I have the same issue. I Emailed "We_Can_Help" at Comcast yesterday morning documenting my issue and the 5 calls that I made to their help desk on Friday. I received a call back about 5PM. The individual was very professional and took a lot of data from the Cisco (S/A) diagnostics screens but did not have an immediate fix. I recommend that everyone with the problem contact Comcast at '[email protected]' and give them the details of the problem. The more of us that do that the higher Comcast will put this on the "to do" list.

Also there is a thread on this in the AVS Forums that you might be interested in.


----------



## Paw Paw (Apr 26, 2009)

Cap'n Preshoot said:


> Same here, gone in 77494. The channels show in the guide but when selected are either just black or else "Channel not available" (unsubscribed). My guess is some programming tiers fell off. Local (Houston) Sr. mgmt (at the VP & Director level) was made aware of it today & replied in email moments ago (8:47 PM) promising to investigate for me on Monday.


Thanks Cap'n. Hopefully we have their attention now. I am very interested in what happened and what steps Comcast will take to prevent it from happening again.


----------



## flyers (Dec 19, 2006)

77449
Started receiving the new channels about 2 weeks ago.
Yesterday, I noticed that all of the new channels report channel not available. 

My wife isn't sure, but she thinks they may have been missing earlier in the week. For sure they worked late Wednesday/early Thursday, as my TiVo did record the 2nd airing of the new South Park episode on CCHD.


----------



## Paw Paw (Apr 26, 2009)

Cap'n Preshoot said:


> We have some of them, but only a scant few but had others before the Xfinity rollout that we subsequently lost. Example, WGN is just plain gone, so too is HSN(HD) - we actually lost these several weeks before the official Xfinity rollout. We still have TWC(HD) but now they no longer carry "Katy" weather on TWC(SD) ch 27.
> 
> 77494 also lost the analogs (2~80). You now must have either a cable box or cablecard or else go in to the service center and pick up (free) one or two of the "free" Digital Transport adapters.
> 
> ...


You will find that the SD channels that were added as part of the "World of More" update are also missing. Try 200, 257, 261, 262, 263 or 264 just to list a few.


----------



## Cap'n Preshoot (Apr 25, 2011)

Paw Paw said:


> You will find that the SD channels that were added as part of the "World of More" update are also missing. Try 200, 257, 261, 262, 263 or 264 just to list a few.


Okay.

Well, of the channels I listed in my previous post, I DO RECEIVE all of them on the TV in the guest room. This set has a Comcast HD STB on it, so clearly the problem is (or at least seems) isolated to the CableCards in our two TIVOs (Fam. rm. and Master BR).

.


----------



## Paw Paw (Apr 26, 2009)

Cap'n Preshoot said:


> Okay.
> 
> Well, of the channels I listed in my previous post, I DO RECEIVE all of them on the TV in the guest room. This set has a Comcast HD STB on it, so clearly the problem is (or at least seems) isolated to the CableCards in our two TIVOs (Fam. rm. and Master BR).
> 
> .


I also get the channels on my SA 8300 comcast DVR and on my Ceton Tunner. The Ceton uses a cablecard like the Tivos but is installed in a Win 7 Media Center PC. It is an interesting problem. I called TiVO and had them update my ticket to indicate that multiple clients in the Houston area are experiencing the same issue. Hopefully TiVo and Comcast will get together Monday and resolve it.


----------



## Cap'n Preshoot (Apr 25, 2011)

Paw Paw said:


> I also get the channels on my SA 8300 comcast DVR and on my Ceton Tunner. The Ceton uses a cablecard like the Tivos but is installed in a Win 7 Media Center PC. It is an interesting problem. I called TiVO and had them update my ticket to indicate that multiple clients in the Houston area are experiencing the same issue. Hopefully TiVo and Comcast will get together Monday and resolve it.

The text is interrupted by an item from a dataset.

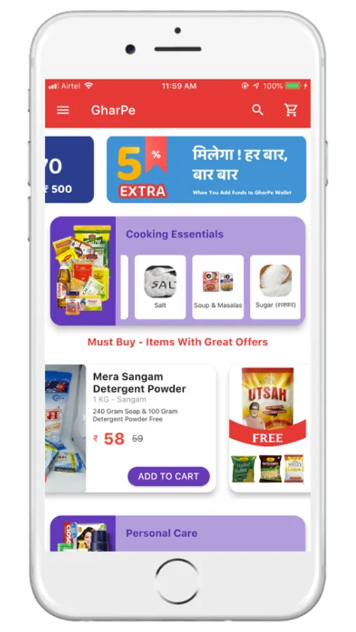 GharPe - Get Grocery, Food, Stationary or Anything else that we list to Ghar Pe. GharPe is your local grocery shop that delivers your purchases in no time. we commit to deliver goods in less than an hour.

IMO they're going to have to re-authorize our CableCards. They're already correctly paired else we wouldn't be receiving anything. What's happened is one (or more) of the digital subscription tiers did not properly attach (or was not sent in the stream). The fix should be relatively simple, once we get past the 1st level (usually Hindu) teledroid.

I never learned the "magic word" to say to these folks to get past them. Always in the past reaching Comcast's 2nd level support required going through TIVO and having them set up a conference call. TIVO tech support apparently has access to a Comcast tech support number that goes straight-in to the 2nd level support staff. It would sure be nice to have that number for times like this when we need it.

What HAS worked on those occasions when the accent is too thick, I simply apolgize, "I'm awfully sorry but I'm having a hard time understanding you, could you please transfer me to an American support center?"

.


----------



## Paw Paw (Apr 26, 2009)

Cap'n Preshoot said:


> IMO they're going to have to re-authorize our CableCards. They're already correctly paired else we wouldn't be receiving anything. What's happened is one (or more) of the digital subscription tiers did not properly attach (or was not sent in the stream). The fix should be relatively simple, once we get past the 1st level (usually Hindu) teledroid.
> 
> I never learned the "magic word" to say to these folks to get past them. Always in the past reaching Comcast's 2nd level support required going through TIVO and having them set up a conference call. TIVO tech support apparently has access to a Comcast tech support number that goes straight-in to the 2nd level support staff. It would sure be nice to have that number for times like this when we need it.
> 
> ...


It is possible that provisioning is the answer to the issue. However, when you look at the DVR Diags on the TiVo for one of the missing channels it looks like the TiVo can not find the channel in the VCT. On the other hand, if you use the DVR Diags to look at a channel that you are not authorized they show the channel tuned in but not authorized.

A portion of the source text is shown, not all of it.